Cadarso-Suárez Carmen, Roca-Pardiñas Javier, Figueiras Adolfo, González-Manteiga Wenceslao
Unit of Biostatistics, Department of Statistics and Operations Research, University of Santiago de Compostela, Spain.
Stat Med. 2005 Apr 30;24(8):1169-84. doi: 10.1002/sim.1978.
The generalized additive, model (GAM) is a powerful and widely used tool that allows researchers to fit, non-parametrically, the effect of continuous predictors on a transformation of the mean response variable. Such a transformation is given by a so-called link function, and in GAMs this link function is assumed to be known. Nevertheless, if an incorrect choice is made for the link, the resulting GAM is misspecified and the results obtained may be misleading. In this paper, we propose a modified version of the local scoring algorithm that allows for the non-parametric estimation of the link function, by using local linear kernel smoothers. To better understand the effect that each covariate produces on the outcome, results are expressed in terms of the non-parametric odds ratio (OR) curves. Bootstrap techniques were used to correct the bias in the OR estimation and to construct point-wise confidence intervals. A simulation study was carried out to assess the behaviour of the resulting estimates. The proposed methodology was illustrated using data from the AIDS Register of Galicia (NW Spain), with a view to assessing the effect of the CD4 lymphocyte count on the probability of being AIDS-diagnosed via Tuberculosis (TB). This application shows how the link's flexibility makes it possible to obtain OR curve estimates that are less sensitive to the presence of outliers and unusual values that are often present in the extremes of the covariate distributions.

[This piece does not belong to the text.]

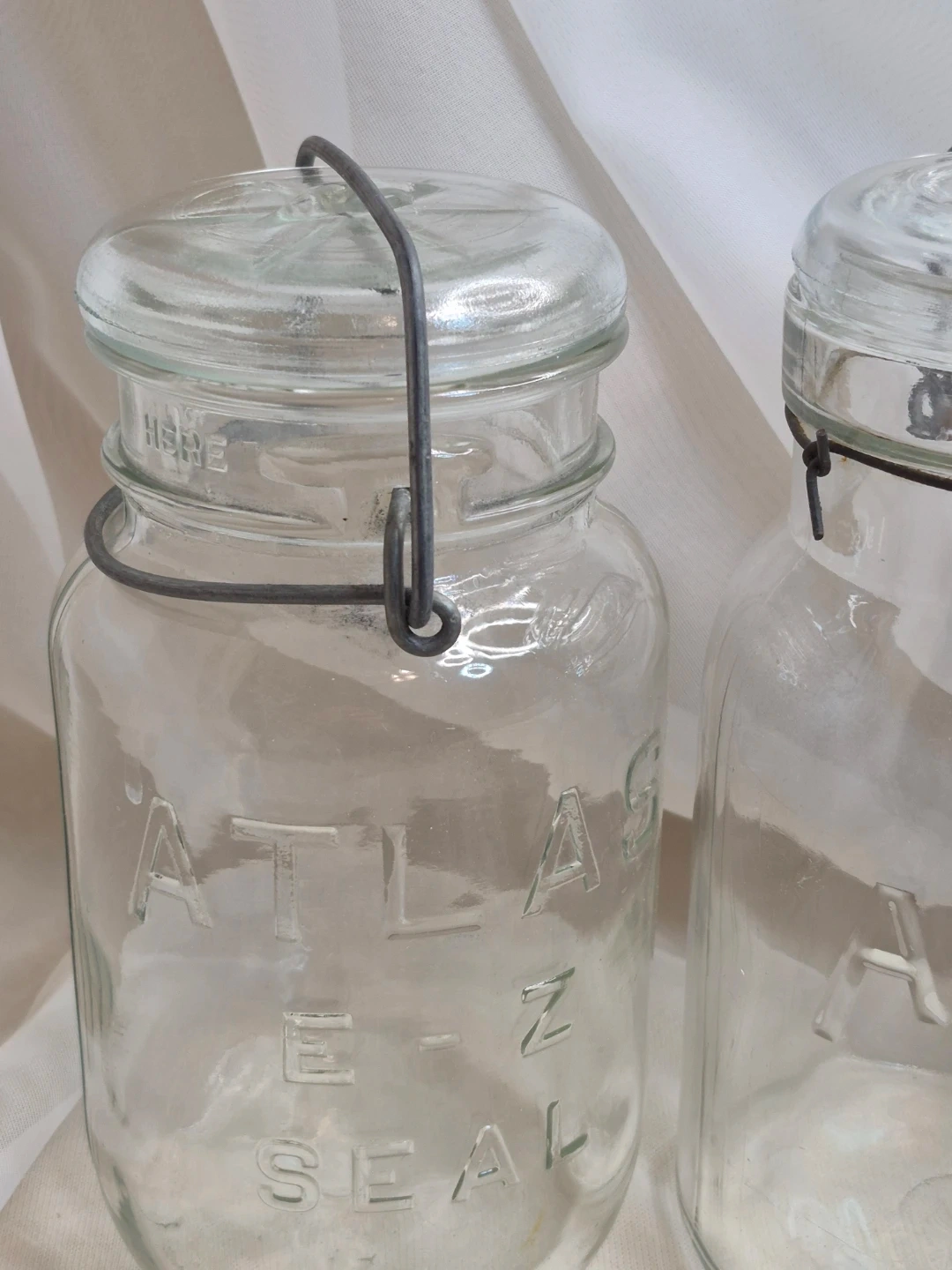 Pair of Vintage Clear Atlas E-Z Seal Wire Bail Quart Canning Jar w/Lids 1930’s - 1 Lt / 34 oz - Great Vintage Condition Selling both together Please See all pictures

广义相加模型(GAM)是一种功能强大且应用广泛的工具,它使研究人员能够以非参数方式拟合连续预测变量对平均响应变量变换的影响。这种变换由所谓的链接函数给出,在GAM中,假定该链接函数是已知的。然而,如果对链接做出错误选择,所得的GAM就会被误设,从而获得的结果可能会产生误导。在本文中,我们提出了一种局部评分算法的改进版本,该算法通过使用局部线性核平滑器对链接函数进行非参数估计。为了更好地理解每个协变量对结果产生的影响,结果以非参数优势比(OR)曲线表示。使用自助法技术来校正OR估计中的偏差并构建逐点置信区间。进行了一项模拟研究以评估所得估计值的性能。利用来自西班牙西北部加利西亚艾滋病登记处的数据对所提出的方法进行了说明,目的是评估CD4淋巴细胞计数对通过结核病(TB)被诊断为艾滋病的概率的影响。该应用展示了链接的灵活性如何使得能够获得对协变量分布极端值中经常出现的异常值和异常值不太敏感的OR曲线估计。